The records below hold a stretch from the line with "Zwiebeln in Topf" through the line with "Alan Plaid Double Breasted Long Coat"; return exactly those lines, ends included, and nothing more.
Information supplied Block Start
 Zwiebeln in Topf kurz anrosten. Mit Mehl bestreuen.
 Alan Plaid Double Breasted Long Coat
Information supplied Block End
Information supplied Block Start
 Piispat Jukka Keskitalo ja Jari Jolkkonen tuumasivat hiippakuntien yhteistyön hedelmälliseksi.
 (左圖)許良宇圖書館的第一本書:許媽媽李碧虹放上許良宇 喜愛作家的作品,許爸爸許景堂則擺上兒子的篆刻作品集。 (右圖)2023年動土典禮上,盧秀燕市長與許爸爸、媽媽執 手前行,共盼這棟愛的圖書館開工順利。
Information supplied Block End
_The completed task_:
 Zwiebeln in Topf kurz anrosten. Mit Mehl bestreuen.
 Alan Plaid Double Breasted Long Coat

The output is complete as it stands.